If so, any suggestions as to the password? I tried 5400 but no job.


----------



## joeten (Dec 4, 2008)

Sorry honestly no clue, but due to forum rules we never get involved with passwords as we have no way to confirm ownership. The place to look into maybe the makers forum or one that deals with that brand of printer.


----------



## IrlDave123 (Sep 24, 2018)

Reading the dis-assembly instructions for the back plate, it is supposed to just pull out when I unscrew 2 screws. Tired this, but it is not coming out.

I don't want to force it, and already the task of trying to remove the NIC, clean the contacts and put it back is well beyond what I am familiar with... so I think I will just use the printer on the USB connector until all my Toner Cartridges run out (have bought quite a few) and then look to buying a new printer.

This was the best printer I have ever had, with very economical printing, so fingers crossed I will find a similar Kyocera Network Printer to replace it.

Thanks for all your help,
Best Wishes,
Dave


----------



## tristar (Aug 12, 2008)

Sure Dave, if there is a Kyocera service tech nearby, maybe you can have them disassemble/remove it for you..
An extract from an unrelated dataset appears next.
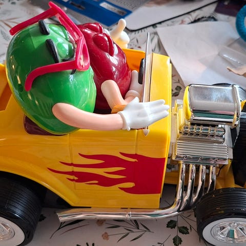M&M's figur i form af en flyveleder, lavet af plast. Figuren er farverig med blå kasket og gule og blå detaljer. Egnet som samlerobjekt eller legetøj.

From the Manual (Joe, what search engine are you using.. damn... half the stuff is blocked in my org ) it does show there is a riser board with multiple slots for the memory card and other devices..Looks like the NIC card would also be an add on card.


----------



## joeten (Dec 4, 2008)

Just Google mate, finding stuff is my little quirk. :whistling:


----------



## tristar (Aug 12, 2008)

Show-off !..


----------



## joeten (Dec 4, 2008)

Nah just been doing it a long time, it's easy if you keep it simple.


----------



## tristar (Aug 12, 2008)

That was slick


----------



## joeten (Dec 4, 2008)

:rofl: if only.


----------